- Gavin Yamey, deputy physician editor, Best Treatments (gyamey@bmj.com)
- BMJ Unified, London WC1H 9JR
The landscape of global health is changing. New donor money, disease control initiatives, and trade laws have all had an impact on international health cooperation. WHO is being forced to rethink what its functions should be
WHO used to dominate international health. But in the 1990s, the World Bank took its place as the premier global health agency,1 and a wide array of health initiatives were launched, bringing new money and fresh ideas to tackle disease.

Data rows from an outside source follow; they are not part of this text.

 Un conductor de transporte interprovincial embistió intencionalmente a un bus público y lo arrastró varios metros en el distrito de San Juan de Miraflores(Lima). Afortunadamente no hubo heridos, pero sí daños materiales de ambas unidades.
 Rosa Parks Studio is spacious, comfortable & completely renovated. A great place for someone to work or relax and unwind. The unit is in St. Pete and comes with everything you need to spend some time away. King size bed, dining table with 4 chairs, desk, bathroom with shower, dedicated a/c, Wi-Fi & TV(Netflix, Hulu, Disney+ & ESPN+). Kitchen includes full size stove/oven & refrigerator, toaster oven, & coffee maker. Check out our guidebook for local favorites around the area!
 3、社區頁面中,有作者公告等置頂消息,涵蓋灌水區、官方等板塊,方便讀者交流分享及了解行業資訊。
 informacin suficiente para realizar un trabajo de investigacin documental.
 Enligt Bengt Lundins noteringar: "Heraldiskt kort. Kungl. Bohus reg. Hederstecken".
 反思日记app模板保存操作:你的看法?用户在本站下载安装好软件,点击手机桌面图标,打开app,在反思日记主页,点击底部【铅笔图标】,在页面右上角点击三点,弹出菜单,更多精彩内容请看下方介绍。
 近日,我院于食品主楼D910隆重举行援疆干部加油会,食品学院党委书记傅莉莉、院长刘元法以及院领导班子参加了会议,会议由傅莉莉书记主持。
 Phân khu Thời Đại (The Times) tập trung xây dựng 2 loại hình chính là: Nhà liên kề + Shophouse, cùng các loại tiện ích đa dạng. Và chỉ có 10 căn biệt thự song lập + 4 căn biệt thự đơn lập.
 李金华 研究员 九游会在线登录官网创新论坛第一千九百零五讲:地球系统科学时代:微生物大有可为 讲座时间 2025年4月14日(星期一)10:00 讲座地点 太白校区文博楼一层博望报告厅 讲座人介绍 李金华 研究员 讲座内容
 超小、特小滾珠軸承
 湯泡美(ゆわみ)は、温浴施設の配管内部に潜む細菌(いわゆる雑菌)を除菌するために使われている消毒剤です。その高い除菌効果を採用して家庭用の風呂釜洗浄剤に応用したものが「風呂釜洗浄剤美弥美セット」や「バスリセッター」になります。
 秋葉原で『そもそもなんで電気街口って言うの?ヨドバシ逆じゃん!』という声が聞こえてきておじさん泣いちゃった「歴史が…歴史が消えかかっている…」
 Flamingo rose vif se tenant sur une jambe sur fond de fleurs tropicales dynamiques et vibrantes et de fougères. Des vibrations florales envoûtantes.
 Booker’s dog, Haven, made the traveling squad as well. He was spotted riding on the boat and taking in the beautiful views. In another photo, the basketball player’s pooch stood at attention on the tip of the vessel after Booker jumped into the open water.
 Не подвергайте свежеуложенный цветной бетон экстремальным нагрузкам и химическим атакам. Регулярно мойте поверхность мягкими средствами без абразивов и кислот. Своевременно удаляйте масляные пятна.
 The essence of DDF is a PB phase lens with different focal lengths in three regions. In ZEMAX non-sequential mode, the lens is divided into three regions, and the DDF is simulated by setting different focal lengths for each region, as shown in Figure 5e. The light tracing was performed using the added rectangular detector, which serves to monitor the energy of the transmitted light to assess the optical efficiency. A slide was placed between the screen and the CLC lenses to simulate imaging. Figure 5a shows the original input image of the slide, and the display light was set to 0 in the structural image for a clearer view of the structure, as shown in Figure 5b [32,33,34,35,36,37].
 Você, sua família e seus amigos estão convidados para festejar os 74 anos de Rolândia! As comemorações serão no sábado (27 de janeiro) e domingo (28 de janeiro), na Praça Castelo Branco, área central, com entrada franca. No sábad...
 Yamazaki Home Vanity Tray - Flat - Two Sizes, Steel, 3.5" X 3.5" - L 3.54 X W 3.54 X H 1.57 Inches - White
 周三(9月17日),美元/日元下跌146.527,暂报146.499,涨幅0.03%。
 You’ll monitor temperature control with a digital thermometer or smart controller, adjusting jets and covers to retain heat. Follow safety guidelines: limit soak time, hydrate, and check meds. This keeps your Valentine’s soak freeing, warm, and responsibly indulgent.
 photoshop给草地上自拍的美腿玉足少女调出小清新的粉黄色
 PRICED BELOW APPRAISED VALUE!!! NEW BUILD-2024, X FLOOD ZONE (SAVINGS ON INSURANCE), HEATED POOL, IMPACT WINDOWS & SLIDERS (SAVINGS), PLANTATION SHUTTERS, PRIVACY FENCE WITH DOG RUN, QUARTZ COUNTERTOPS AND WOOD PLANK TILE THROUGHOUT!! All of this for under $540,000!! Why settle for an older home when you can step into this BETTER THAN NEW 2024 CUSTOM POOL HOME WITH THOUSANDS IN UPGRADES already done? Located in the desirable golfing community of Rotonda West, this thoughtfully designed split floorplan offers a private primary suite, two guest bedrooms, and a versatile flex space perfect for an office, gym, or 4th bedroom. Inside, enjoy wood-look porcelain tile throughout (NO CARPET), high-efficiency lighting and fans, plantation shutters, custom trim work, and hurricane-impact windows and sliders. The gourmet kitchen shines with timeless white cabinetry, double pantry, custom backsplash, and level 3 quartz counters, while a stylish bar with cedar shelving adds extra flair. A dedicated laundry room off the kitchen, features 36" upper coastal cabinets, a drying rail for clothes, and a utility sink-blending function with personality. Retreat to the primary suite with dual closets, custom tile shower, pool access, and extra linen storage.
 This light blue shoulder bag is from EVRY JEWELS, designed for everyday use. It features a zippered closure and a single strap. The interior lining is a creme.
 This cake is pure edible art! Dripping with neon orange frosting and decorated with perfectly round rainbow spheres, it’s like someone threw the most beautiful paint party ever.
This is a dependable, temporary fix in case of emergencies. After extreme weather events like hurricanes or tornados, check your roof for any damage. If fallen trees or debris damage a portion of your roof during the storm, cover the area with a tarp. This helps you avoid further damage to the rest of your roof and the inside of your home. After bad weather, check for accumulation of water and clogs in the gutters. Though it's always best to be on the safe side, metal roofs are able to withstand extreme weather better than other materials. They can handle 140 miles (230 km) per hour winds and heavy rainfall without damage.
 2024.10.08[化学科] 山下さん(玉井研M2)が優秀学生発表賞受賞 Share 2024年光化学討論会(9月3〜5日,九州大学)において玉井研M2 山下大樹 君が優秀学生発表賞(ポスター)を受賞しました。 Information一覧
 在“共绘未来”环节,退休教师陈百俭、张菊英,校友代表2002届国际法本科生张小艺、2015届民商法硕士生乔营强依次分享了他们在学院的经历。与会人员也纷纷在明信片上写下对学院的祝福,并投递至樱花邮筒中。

Globalisation is presenting new challenges to an increasingly fragmented global health landscape.2 What are the implications for WHO of these changes?
Summary points
The World Bank, Gates Foundation, and Global Fund have become major financiers of global health activities
WHO has little influence over the spending of these new health funds
The poorest countries need WHO's support in applying for funds and rolling out new global health initiatives
As international health cooperation fragments, WHO's role in setting global standards has become crucial
WHO's integrity in setting standards remains open to undue influence
New money for global health
The World Bank has become the largest external financier of health activities in low income and middle income countries.1 In the 1990s its health loans far exceeded WHO's total budget (fig 1), and its health sector activities have continued to grow. Its new Multi-Country AIDS Programme alone provides $500m over three years to Africa—where the prevalence of HIV in adults is now 8.6%—to scale up existing HIV/AIDS interventions.3
The growing role of the World Bank in health1
The Gates Foundation, the largest charitable donor of the 20th century,4 is often called the new “800 pound gorilla” in global health. By September 2002, it had granted $2.8bn in health funding.5 Its biggest donation was $750m over five years as a start up grant to the Global Alliance for …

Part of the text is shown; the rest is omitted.